ROANOKE TIMES

                         Roanoke Times
                 Copyright (c) 1995, Landmark Communications, Inc.

DATE: THURSDAY, October 19, 1995                   TAG: 9510210010
SECTION: NEIGHBORS                    PAGE: E-1   EDITION: METRO  
SOURCE: CHARLES STEBBINS STAFF WRITER
DATELINE:                                 LENGTH: Medium


PAINTING THE PAST

BUFORD Lumsden has fond memories of the "Big House."

It was a second home, almost, an extension of school, a place of rest and relaxation and a place of learning. And it was always open.

"I spent a lot of time there with my friends," Lumsden said of the Buena Vista Recreation Center at Penmar Avenue and Ninth Street Southeast. It's known as the Big House because when Col. George P. Tayloe built it in 1833, it was the largest plantation house in the area.

The city of Roanoke, owner of the house since 1937, turned it into a recreation center about 1940.

"There was a jukebox there, and they had dances on Friday and Saturday nights," remembered Lumsden, the retired owner of a Roanoke County surveying and engineering business.

Games and other activities as well as a boxing room on the second floor also kept youngsters busy.

And, although he was a regular at the Buena Vista center for only the three years he attended Jackson Junior High School, Lumsden said, "I have a lot of warm memories of the Big House."

"The Big House was a extension of Jackson Park," he said. "This was a recreation place for boys and girls and for everybody in the whole area."

The Big House "was the place to go. It provided good, clean fun," recalled Herbert "Fubby" Overstreet, one of Lumsden's buddies. The normal routine, he said, was to play in Jackson Park during the day and go to the Big House at night.

"The girls were there at night," he recalled.

"The Big House meant a lot to many people," Overstreet said. "Kids from other sections of the city went there, too."

Because of his fondness for the Big House, Lumsden is putting his retirement hobby - watercolor painting - to work to benefit the center.

Lumsden will sell 14-by-22-inch prints of a watercolor he painted of the Big House and will donate the proceeds to the Roanoke Department of Parks and Recreation for the building's care.

"This is a way for me to give something back to a place that meant so much to me when I was growing up," said Lumsden, who began painting six years ago at the age of 60.

Overstreet said he thinks having a print will help preserve the history of Buena Vista, which was named after a battle in the war between the United States and Mexico in 1846.

Steven Warren, information specialist with the Parks and Recreation Department, said this type of donation is a first for the department but there are many projects the money could be used for.

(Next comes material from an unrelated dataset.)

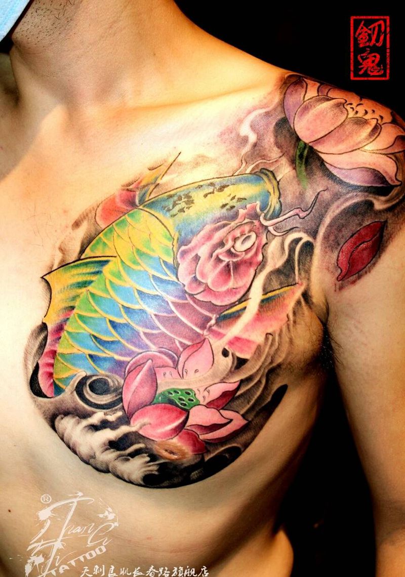 彩色鱼纹身图片_肩部胸部传统动物成品纹身图案

Among them are new materials for recreation programs, new furniture and decorations, and general repairs. John Kern, director of the Roanoke regional historic preservation office house in the center, suggested the proceeds could be used to restore the building's interior to its original color scheme.

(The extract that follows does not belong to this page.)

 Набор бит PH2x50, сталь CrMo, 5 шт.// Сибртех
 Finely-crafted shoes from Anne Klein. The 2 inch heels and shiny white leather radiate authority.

Lumsden says any use would suit him.

His goal is to get the prints ready early enough so people can give them as Christmas gifts.

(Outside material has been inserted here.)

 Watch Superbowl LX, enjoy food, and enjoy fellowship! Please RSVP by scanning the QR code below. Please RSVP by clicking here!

Lumsden says it will cost nearly $1,000 to make the proof of the painting and about 250 copies. He expects to recover only about three-fourths of the printing costs and donate the rest to the Big House.

Lumsden decided to paint the center and sell prints after completing a similar project for his wife' family reunion. Lumsden painted her family's homeplace in Alleghany County, and relatives bought nearly 50 prints. The profits went into a fund to help finance the next reunion.

Since he's started the project, Lumsden said, he's discovered considerable interest among his friends in a new painting of the center.

"Everybody I talked to wanted a copy," said Lumsden, who "always wanted to paint but never had the time."

After retirement, he took lessons from Vera Dickerson, a Roanoke artist and teacher, and George Shumate, a wildlife artist, even though "I could draw pretty well and had been drawing since I was a small child."

Lumsden has painted many buildings and landscapes, including several scenes of the state Capitol. One, painted at the request of Del. Richard Cranwell D-Roanoke County, now hangs in Cranwell's Richmond office. Lumsden also has painted the Hofauger House at Explore Park.

Prints of Lumsden's painting will be available about Nov. 15 at his office, 4664 Brambleton Ave. S.W., Roanoke 24018, or by calling 774-4411. The cost is $30 per print if picked up in person or $35 by mail. Prints will be on display, but not for sale, at the Roanoke Department of Parks and Recreation, 210 Reserve Ave. S.W. and at the Buena Vista Center.


Memo: NOTE: Also ran in October 24, 1995 Current.